Below I've included link to a video I made around 4 years ago showing some of the automation I set up in an absolutely massive Dome built with the drones. It includes the automation for producing all Pneumaticcraft parts along with full automation of all the Botania runes (at the time were virtually impossible to fully automate with any other mod). It's not 100% drone driven, but limited AE automation in conjunction. The video is kinda long, if you want to see the Botania stuff, skip to ~7:00. Also, this was ran locally and I didn't have the best PC at the time either and performance was no worse than any other heavily modded world.

https://www.youtube.com/watch?v=IYxwj4iVoTA

desht commented 4 years ago

@Tekstack excellent advice and I can't see any problems with it :)

Using multiple drones is indeed often a good idea.
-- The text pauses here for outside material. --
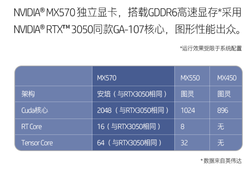 该机最高搭载英伟达 MX570 独立显卡,配备 GDDR6 显存,采用 GA-107 核心,3D Mark Firestrike 跑分比上一代提升了 73%。

Also, while basic Logistics drones are great early on, don't forget that programmable drones can also use a Logistics puzzle piece, with much more flexibility over the area (smaller areas are good for performance, and don't forget you can have multiple single block areas), and you can insert extra pieces like a wait, or a standby (although 1.14.4 introduces a Standby Upgrade for basic drones which helps with that).

MuteTiefling commented 4 years ago

Just wanted to come back and say that the above advice has helped a lot. Specifically breaking things up.

I have made attempts to reduce the number of drones, however, and split things into bite sized chunks via network APIs. A good example of this would probably be my botania rune crafter. I have a chest filled with APIs each performing a small task, one to restock ingredients (basically just a logistics fetch if the buffer inventory is low), one for each rune, etc.

Each of those rune crafts starts off with a simple inventory check for one of the primary ingredients. If there's not enough, the rest of the program never runs.

Any loops internal to the programs also are given longish periods, relative to what they're doing. Like if I have to wait for a machine to process an item, I'll only poll the machine for the output item every second or so for fast machines and longer for slower machines. If the item isn't there, it waits again.

Finally, there's a long period standby program as the last api in the chest that puts the drone to sleep for several minutes.

By moving them into APIs I've made a system whereby I can very easily remove a faulty program that's causing performance issues without having to locate and trying to wrench the drone through bad lag. Just pop it out of the chest and the drone stops immediately.

With good naming conventions and frequent use of the Label/Jump pieces I can generally see exactly what they're doing and where they may be getting stuck, even if I can't watch the program run in the debugger.

And by passing in variables through the External program piece, I'm easily able to make generic programs that more than one drone can execute. Like my crop farm with four drones all handling their own small farms while sharing common code.

Overall, it's been a lot of fun learning this system. I feel I've gotten pretty comfortable making these programs at this point and rarely encounter any major issues with them anymore. It's a very solid system and very powerful. Thanks for all of your efforts with this mod!